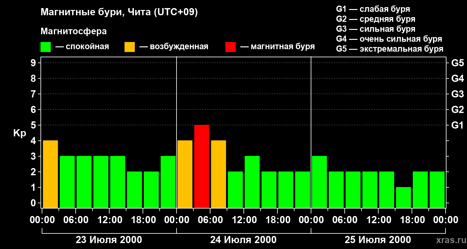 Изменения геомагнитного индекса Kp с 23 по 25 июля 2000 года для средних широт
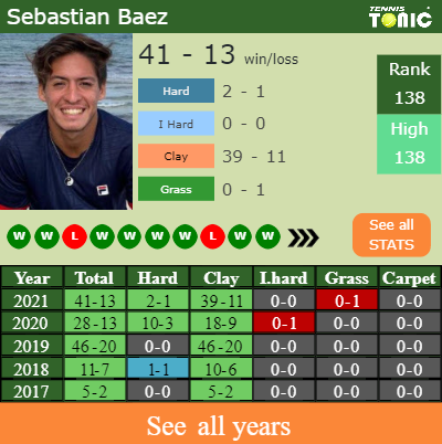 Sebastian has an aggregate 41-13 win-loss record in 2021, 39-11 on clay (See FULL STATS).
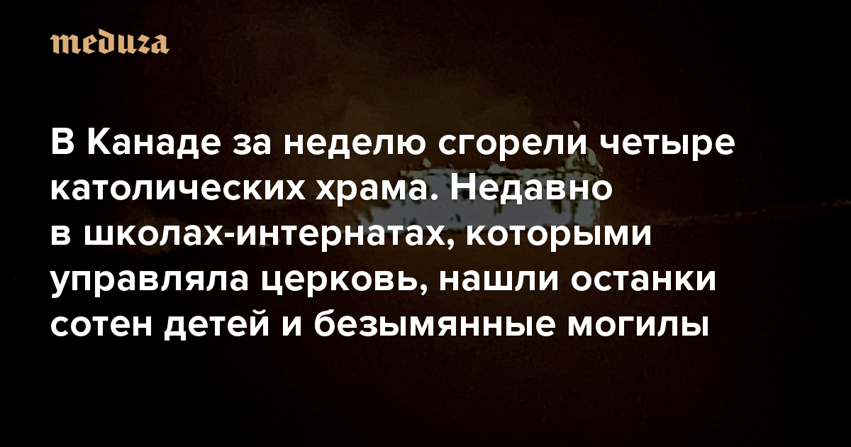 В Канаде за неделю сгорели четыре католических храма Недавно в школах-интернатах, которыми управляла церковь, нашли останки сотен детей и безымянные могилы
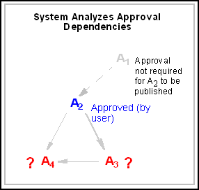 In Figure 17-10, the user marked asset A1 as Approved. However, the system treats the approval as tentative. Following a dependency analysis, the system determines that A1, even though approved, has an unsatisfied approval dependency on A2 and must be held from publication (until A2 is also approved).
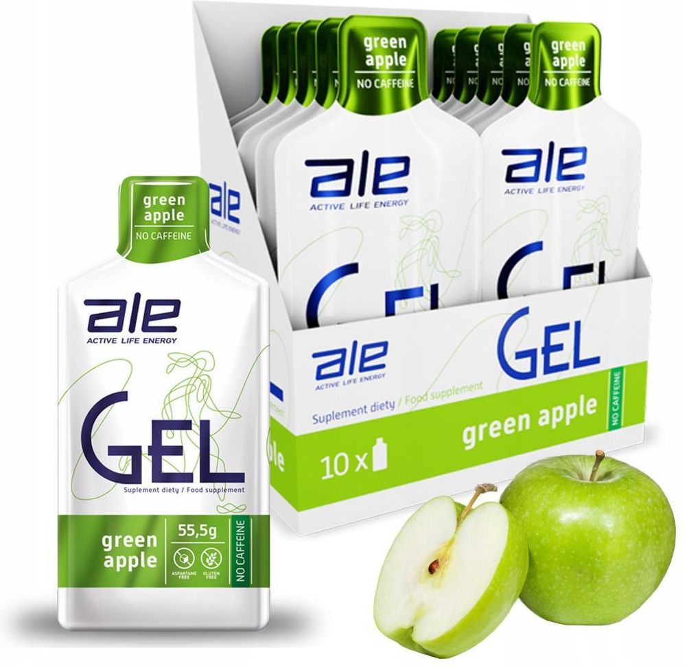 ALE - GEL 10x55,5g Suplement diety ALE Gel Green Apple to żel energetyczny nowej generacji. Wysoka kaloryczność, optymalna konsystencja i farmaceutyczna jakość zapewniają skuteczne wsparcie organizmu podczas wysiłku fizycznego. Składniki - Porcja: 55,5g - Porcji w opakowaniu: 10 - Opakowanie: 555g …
○ ○ ○ ○
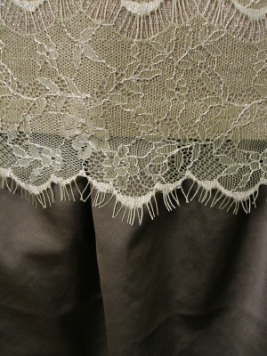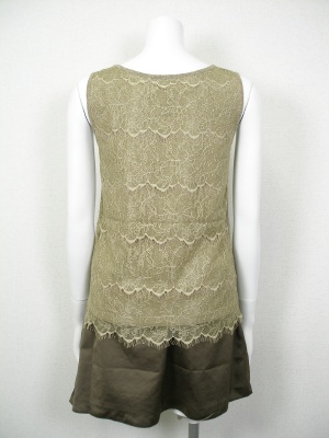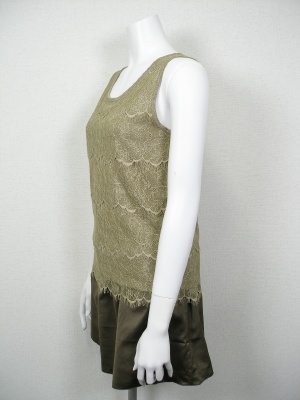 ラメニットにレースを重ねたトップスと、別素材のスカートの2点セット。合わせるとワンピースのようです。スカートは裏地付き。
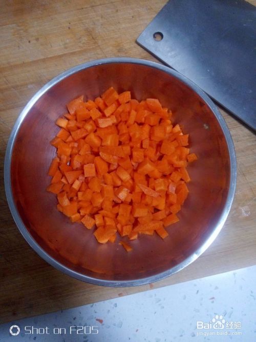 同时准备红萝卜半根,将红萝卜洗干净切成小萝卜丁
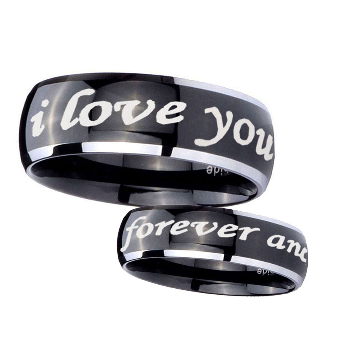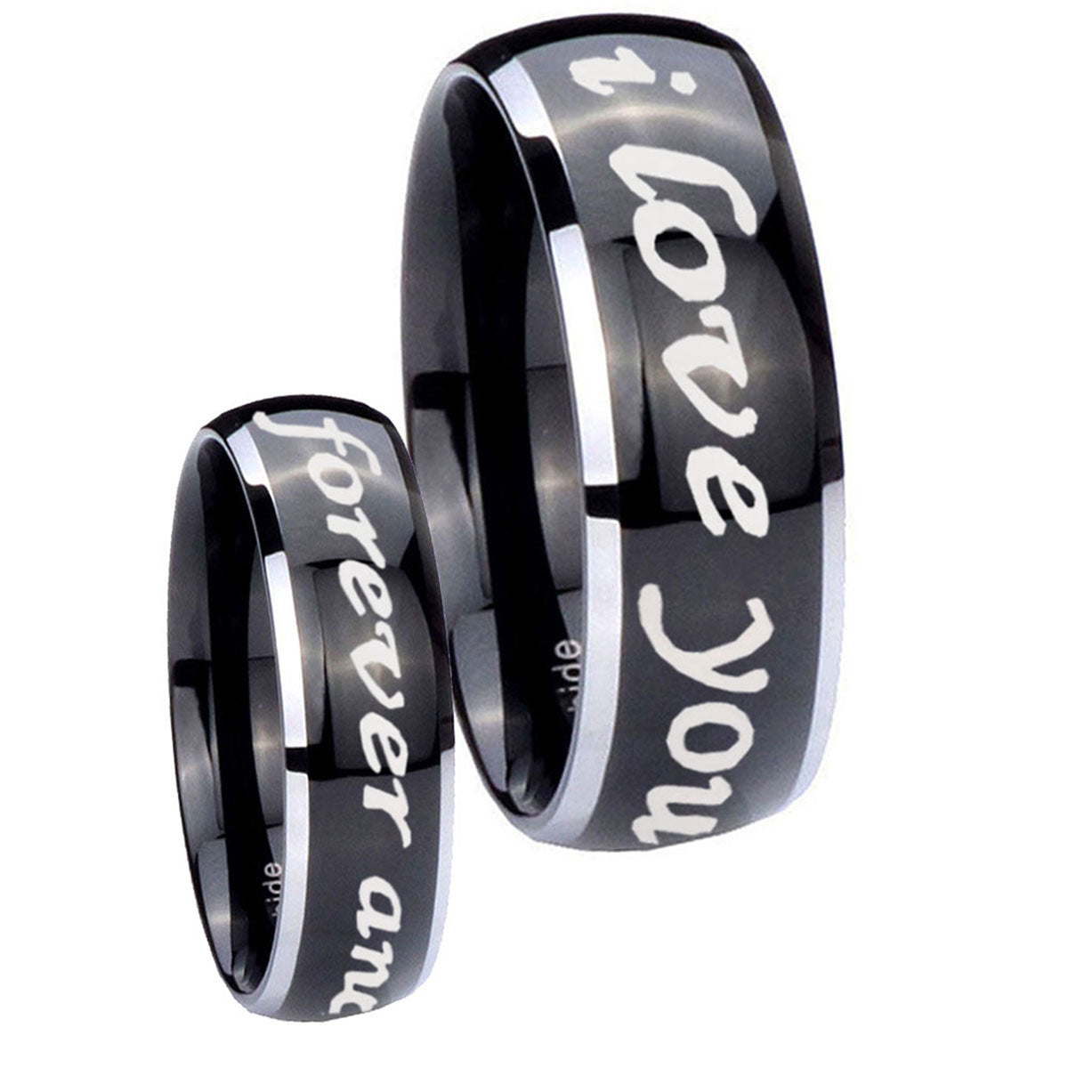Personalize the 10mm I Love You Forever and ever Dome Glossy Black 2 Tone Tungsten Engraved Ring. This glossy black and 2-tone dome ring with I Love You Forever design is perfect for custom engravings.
○ ○ ○ ○
### ASSIGNED TASK
Set the pictures aside and reproduce exactly the lines above, from the line holding "Изменения геомагнитного индекса" through the line holding "Sebastian has an", both included, with nothing else.

### WRITTEN RESPONSE
 Изменения геомагнитного индекса Kp с 23 по 25 июля 2000 года для средних широт
 Sebastian has an aggregate 41-13 win-loss record in 2021, 39-11 on clay (See FULL STATS).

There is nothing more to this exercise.